Node-Sparing Short-Course Radiotherapy Sequential Chemotherapy and PD-1 Inhibitor for Mid/Low pMMR/MSS Rectal Cancer (MODIFI-RC-II)

Launched by SIXTH AFFILIATED HOSPITAL, SUN YAT-SEN UNIVERSITY · May 3, 2025

Trial Information

Current as of June 27, 2025

Recruiting

Keywords

ClinConnect Summary

The MODIFI-RC-II clinical trial is studying a new treatment approach for patients with a specific type of rectal cancer known as mid/low microsatellite stable (MSS) or proficient mismatch repair (pMMR) rectal cancer.
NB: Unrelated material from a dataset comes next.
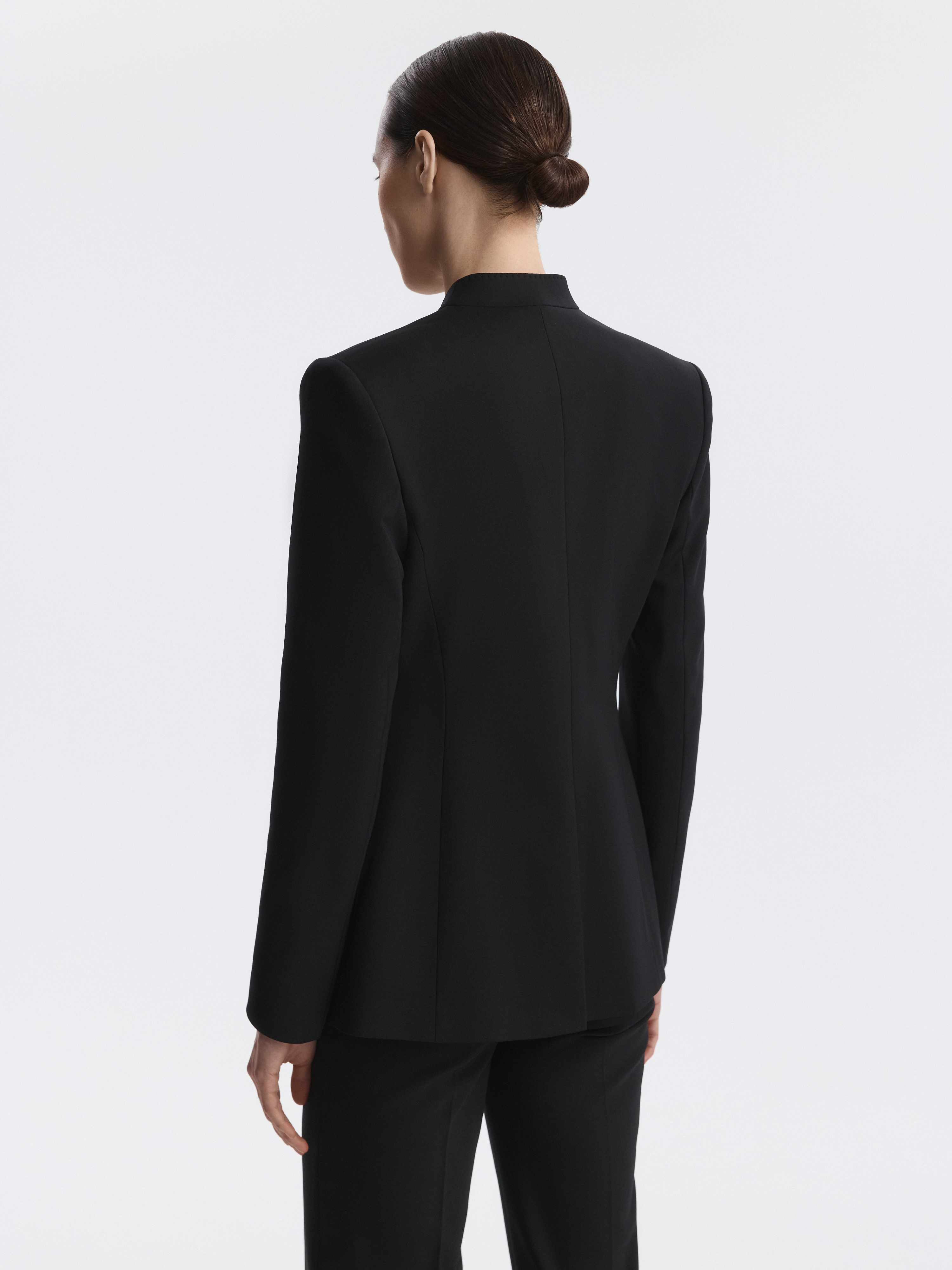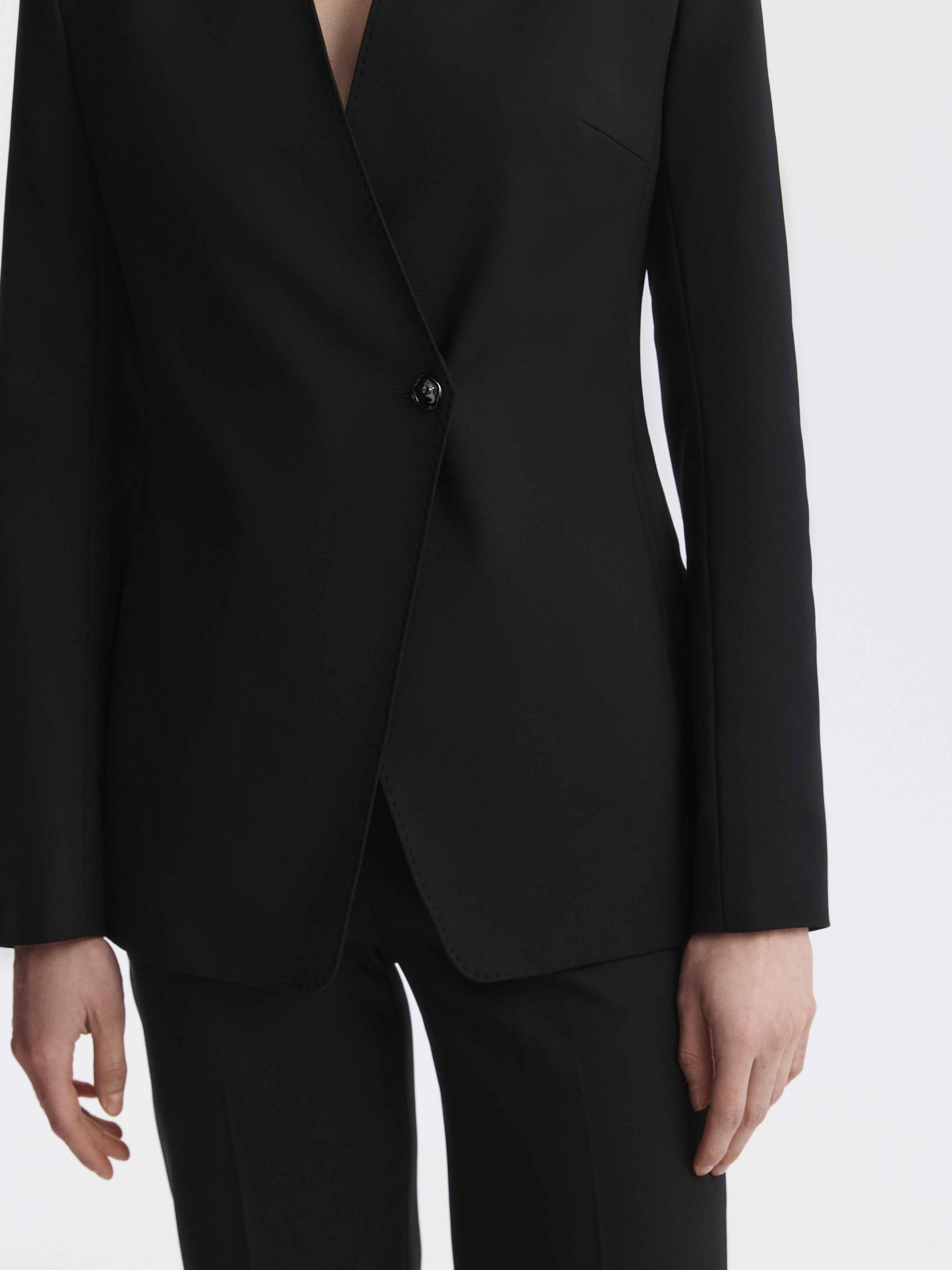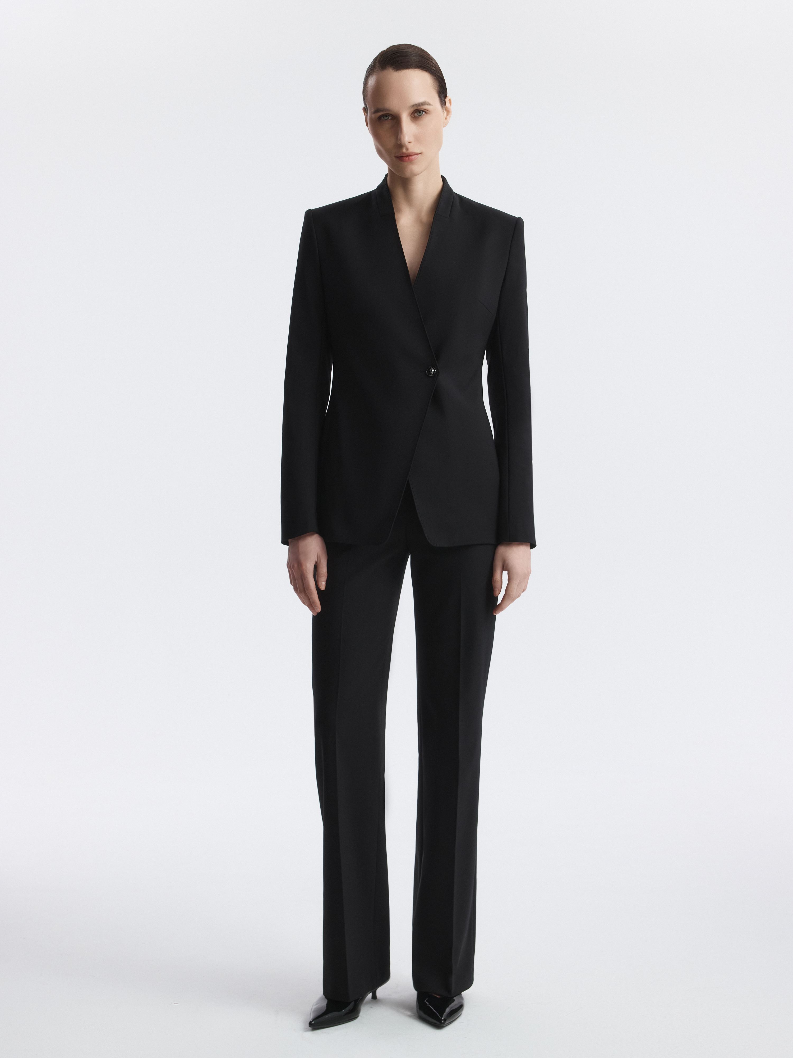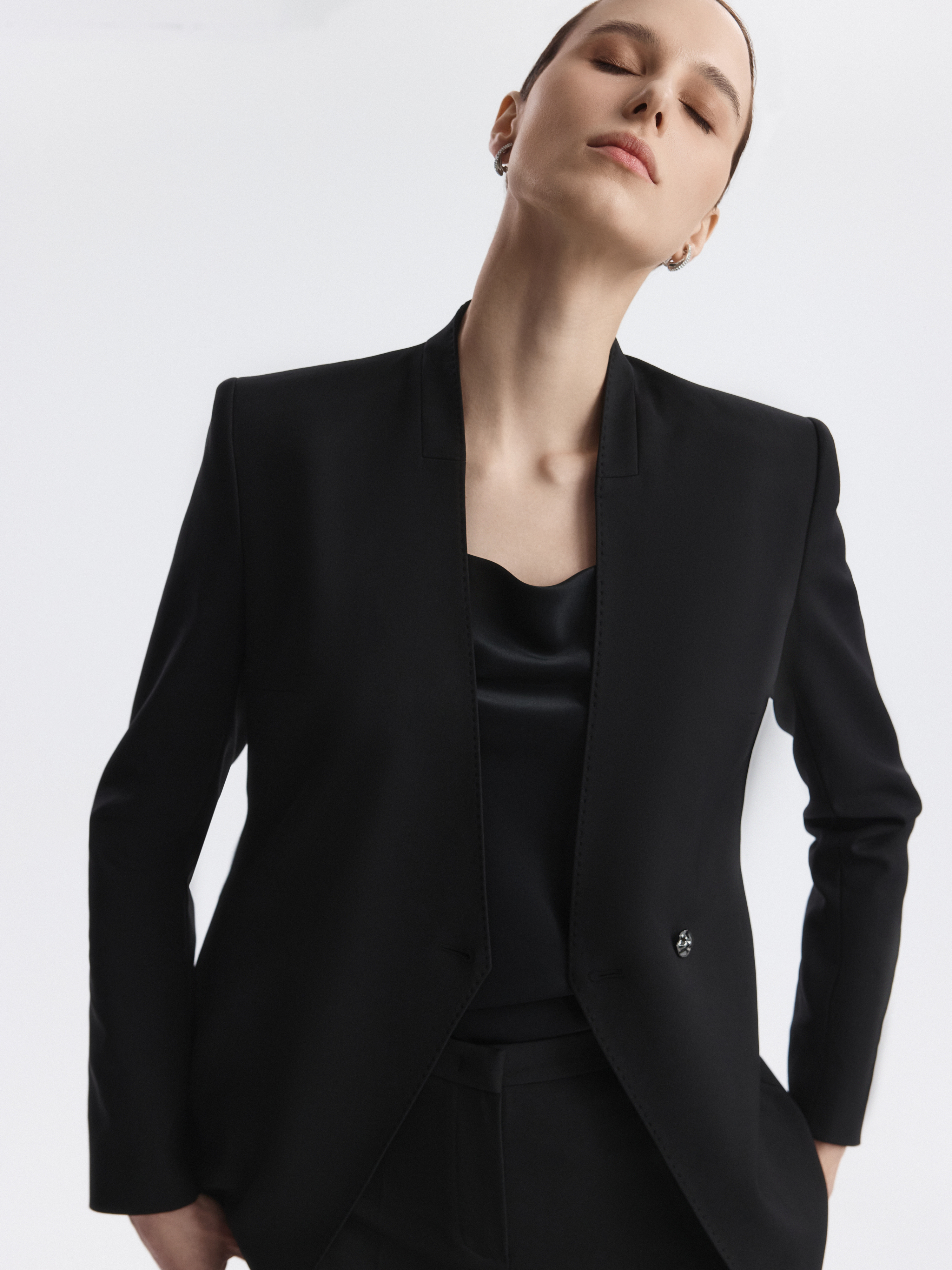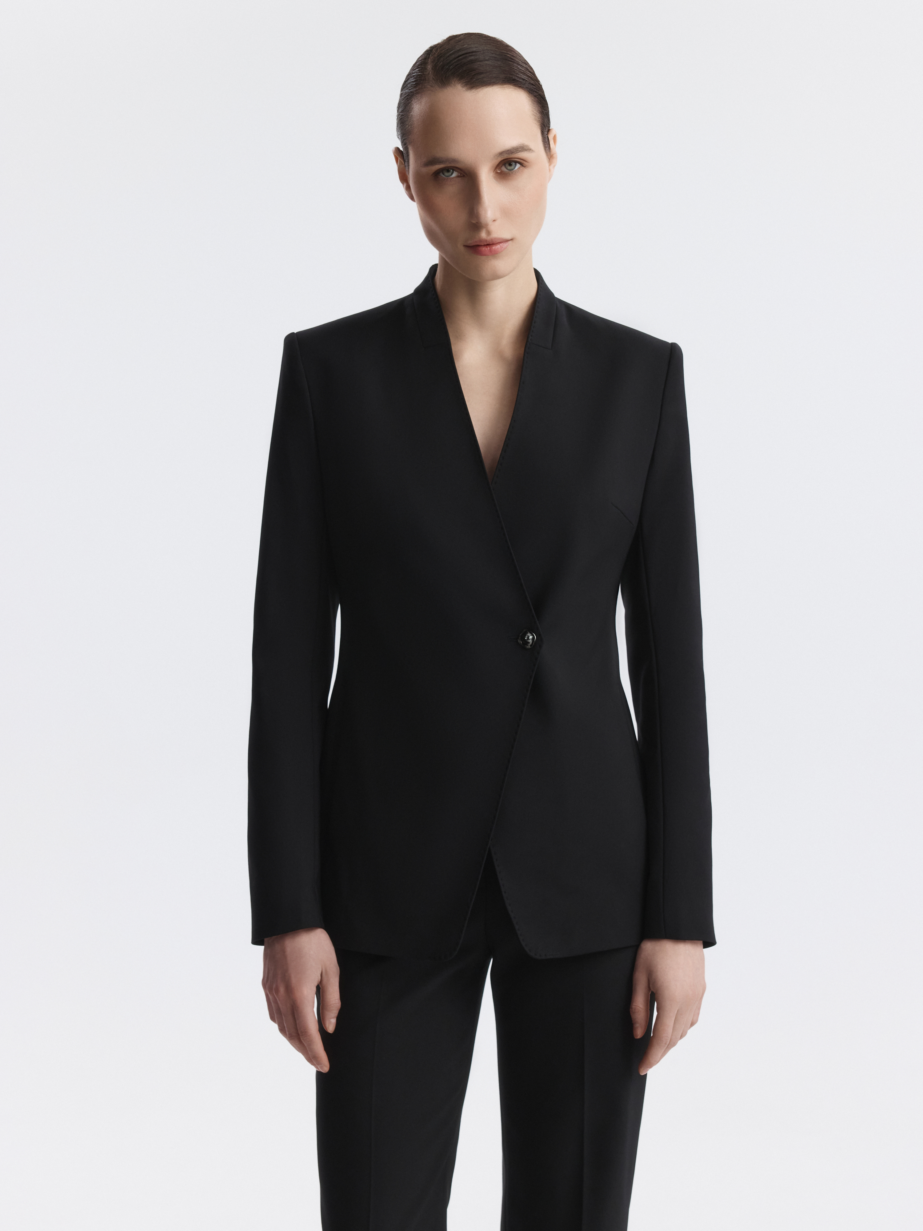Жакет с подчеркнутой талией и асимметричной застежкой выглядит уместно и на деловых переговорах, и на торжественном ужине. В меру плотный текстиль на основе хлопка не тянется, а тонкая подкладка из вискозы дарит комфортную посадку.

This trial will evaluate whether a combination of short-term radiotherapy, followed by chemotherapy and an immune checkpoint inhibitor (a type of drug that helps the immune system fight cancer), can improve treatment outcomes. The goal is to see if this method can lead to a higher rate of complete tumor response, help patients avoid major surgeries that could affect their quality of life, and generally make treatment more tolerable.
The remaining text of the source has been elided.